The novel psychoactive substance 25E-NBOMe induces reward-related behaviors via dopamine D1 receptor signaling in male rodents
Young-jung Kim, Wun-a Kook, Shi-xun Ma, Bo-ram Lee, Yong-hyun Ko, Seon-kyung Kim, Youyoung Lee, Jae-gyeong Lee, Sooyeun Lee, Kyeong-man Kim, Seok-yong Lee, Choon-gon Jang
Archives of Pharmacal Research April 1, 2024 Peer reviewed DOI: 10.1007/s12272-024-01491-4 via Springer Nature
Summary
25E-NBOMe, a novel psychoactive substance, produces rewarding and hallucinogenic effects in male rodents. It induces conditioned place preference and self-administration, with enhanced dopamine transporter and D1 receptor expression in the nucleus accumbens, reduced dopamine levels, and activation of DARPP32 and CREB pathways.
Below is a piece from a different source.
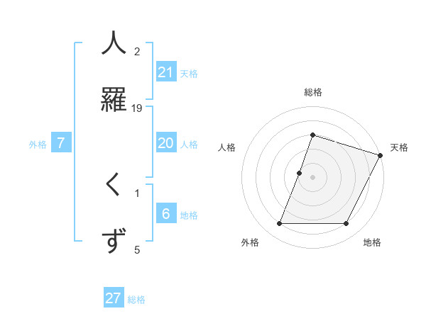 人羅 くずさんの総格は27画の3点!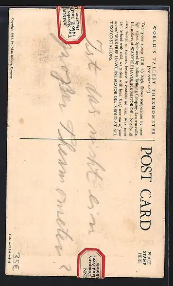 AK Chicago, International Exposition Century of Progress 1933, Havoline Thermometer

Blocking D1 receptors or inhibiting D1-expressing neurons prevents the reward effect. The hallucinogenic head-twitch response is mediated by serotonin 2A receptors.
Study at a glance
| Design | experimental study |
|---|---|
| Population | male mice and male rats |
| Key finding | Dopamine D1 receptor signaling in the nucleus accumbens mediates the rewarding effects of 25E-NBOMe, while its hallucinogenic effects are mediated by serotonin 2A receptors. |
Abstract
Novel psychoactive substances (NPSs) are new psychotropic drugs designed to evade substance regulatory policies. 25E-NBOMe (2-(4-ethyl-2,5-dimethoxyphenyl)-N-(2-methoxybenzyl)ethanamine) has recently been identified as an NPS, and its recreational misuse has been reported to be rapidly increasing. However, the psychopharmacological effects and mechanisms of 25E-NBOMe have not been studied. We examined the abuse potential of 25E-NBOMe using the conditioned place preference in male mice and self-administration paradigms in male rats. Additionally, immunoblot assay, enzyme-linked immunosorbent assay, and microdialysis were used to determine the molecular effects of 25E-NBOMe in the nucleus accumbens (NAc). Our data demonstrated that 25E-NBOMe induces conditioned place preference, and the dopaminergic signaling in the NAc mediates these. Following 25E-NBOMe administration, expression of dopamine transporter and dopamine D1 receptor (D1DR) were enhanced in the NAc of male mice, and NAc dopamine levels were reduced in both male mice and rats. Induction of intracellular dopaminergic pathways, DARPP32, and phosphorylation of CREB in the NAc of male mice was also observed. Significantly, pharmacological blockade of D1DR or chemogenetic inhibition of D1DR-expressing medium spiny neurons in the NAc attenuated 25E-NBOMe-induced conditioned place preference in male mice. We also examined the hallucinogenic properties of 25E-NBOMe using the head twitch response test in male mice and found that this behavior was mediated by serotonin 2A receptor activity. Our findings demonstrate that D1DR signaling may govern the addictive potential of 25E-NBOMe. Moreover, our study provides new insights into the potential mechanisms of substance use disorder and the improvement of controlled substance management.